閉鎖領域

藤光

閉鎖領域

 閉鎖closed――。











 ある日、虎がいることに気づいた。


 自分の妻と子供を殺した犯人を目の前で取り逃がしたあの日のことだ。ようやく明るくなりはじめた東の空が、濡れたアスファルトに滲むように映っていた。


 左胸の内ポケットに逮捕状。前夜から張り込みをしていた車内。フロントガラスに冷たい雨が次々に水滴をつくり、流れ落ちていくのを数えながら、私はずっと見ていた。西の空に月が残る夜明け前、マンションのエントランスからバッグを持って出てきた男が、背を丸めて歩いて出ていくのを見ていた。


 ドアグリップを握って車を出ようとしたその時に、反対側の歩道をこちらへやってくる男の持つ黄色いバッグの柄が虎の模様に見えた。躍動する肩口の筋肉を覆い、つやつやと輝く毛皮に見えた。吸い込まれるように視線をバッグに向けたその拍子に、バッグの模様が虎の肩口から首へ、首から頭へと次々に変わってゆき、きらきらひかる虎の金色の目が、車の中にいる私を覗き込んだ。虎は確かに私を見ていた。


「藤光さん!」


 左腕を掴まれて我にかえると、右手の関節が白く浮き上がるほど強くドアグリップを握りしめていて、男は街灯のある角を曲がって姿が見えなくなるところだった。あわてて車を降りて後を追い、街灯の下から曲がっていった通りを見透かしたが、ゴミ袋を漁るカラスと空を映した白い水溜りがいくつか見えただけで男の姿はすでになかった。相棒の田中が真っ青な顔をのまま、通りをカモシカのように駆けていった。ぱっとカラスが飛び退るが飛び立たない――。虎が通ったのならカラスは飛び去ってもういないだろう。あの男は見つからないだろう。途端に行き場を失った左胸の逮捕状が重く感じられた。





 部屋にはすえた匂いがこもっていた。ほとんど窓を開ける者がないからだ。その南向きの窓には常にブラインドが下されている。部屋の一角を照らしている電極の黒ずんだ蛍光灯は間断なく明滅していてなんとなく気ぜわしい。


 刑事課長の席はそんな部屋の窓際にある。私は皆より一回りは大きい課長の机の上に、お返ししますと言って逮捕状を差出した。そのときの刑事課は、人がほとんど出払っていてがらんとしていた。私が取り逃がした犯人の行方を追っているのだ。

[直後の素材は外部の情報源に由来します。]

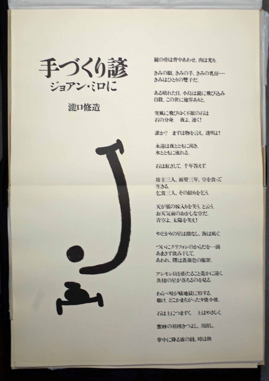 2) 1961年の富山訪問:10月8日、富山市公会堂で開催された第15回全国造形教育大会で、講演「今日の美術―オブジェを中心として」を行う。その後、母校富山高校に回り、在校生に向けに「美というもの」と題し講演。詳細は土渕信彦企画・構成「瀧口修造の光跡Ⅰ 美というもの」展図録(森岡書店、2009年7月。図16)所載の「講演記録」付記を参照。

 殺人犯人が逃走しているのだ。この後、犯人が次の事件を起こさないとも限らない。まだマスコミに嗅ぎつけられてはいないが、警察署を挙げての捜索が記者たちの興味を引かないわけがない。まもなくテレビもネットも大騒ぎになるだろう。三日前の事件は、すでに大きく報じられているのだ。


「どうして逮捕しなかった」


 差し出した逮捕状を机に収めながら、課長は声を震わせてそう言った。感情を押し殺した声だ。


 ただ、この人はなぜ私が男を逮捕しなかったのか訊いているのではない。遠回しに犯人を取り逃がした私の弁解や謝罪を促しているのだ。


 馬鹿馬鹿しい。

 そうであれば「謝罪しろ」と直接言えばいい。もっとも私に謝罪する意思はないのだが。


「どうした。なにも言えないのか」


 別になにもありませんと答えると課長の顔色が変わった。


 犯人の逃走。第二、第三の事件。警察捜査の不手際発覚。マスコミによるバッシング。謝罪、謝罪、謝罪。頭髪の薄い課長の頭の中が透けて見えるようだ。

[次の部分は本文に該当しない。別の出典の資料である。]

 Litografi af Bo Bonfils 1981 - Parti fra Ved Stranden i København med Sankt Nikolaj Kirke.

 課長は、私がそうした空気を読み取って、平身低頭、犯人を逮捕できなかったことを謝罪すると思っていたのだろう。くだらない。私に謝罪する理由はない。なぜなら私は間違ったことをしていないから。


「馬鹿にするな!」


 顔を真っ赤にして声を張り上げた。無益だ。私はこの人を馬鹿にしているわけではない。しかし、課長はそう思い込んでいる。本当は侮辱されたのではないのに、自ら侮辱されたように思い込んでいる。

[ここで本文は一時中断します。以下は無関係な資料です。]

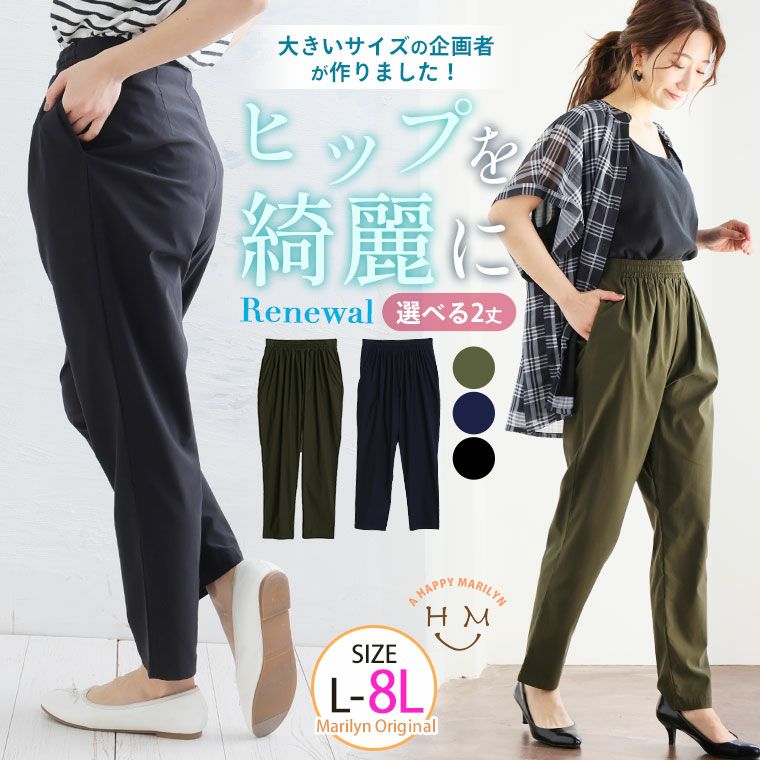 オリジナル ボトムス テーパードパンツ LL 3L 4L 5L 6L 7L 8L 夏 夏物 夏服 ぽっちゃり ゆったり お腹 お尻 腰周り プルオンパンツ 大きいサイズの企画者が作りました! ヒップ綺麗魅せ イージーパンツ【ストレッチ】 | 大きいサイズの通販ならハッピーマリリン

 そうだ。人は自分が他人からどう評価されているか、そればかりが気になる存在だ。だから、ありもしない評価を自分の中に作ってしまうのだ。


「犯人を目の前にして逮捕しないとはどういうことだ! お前は殺人事件の犯人を取り逃がしたんだぞ」


 確認されるまでもない。課長のいうとおりだ。私は犯人を取り逃がした。


「刑事として失格だ!」


 無意味。


 この人の怒声は何に対して発せられているのか。私に? あなたが常々、お前は刑事ではないと貶め続けた私に?


 私は、欠員が出たため刑事課にいるだけだ。望んで刑事をしているわけではない。気の進まない私を刑事課に引き入れたのは、当の課長ではないか。なんと滑稽な人だろう。そして不愉快だ。吐き気がするほどに。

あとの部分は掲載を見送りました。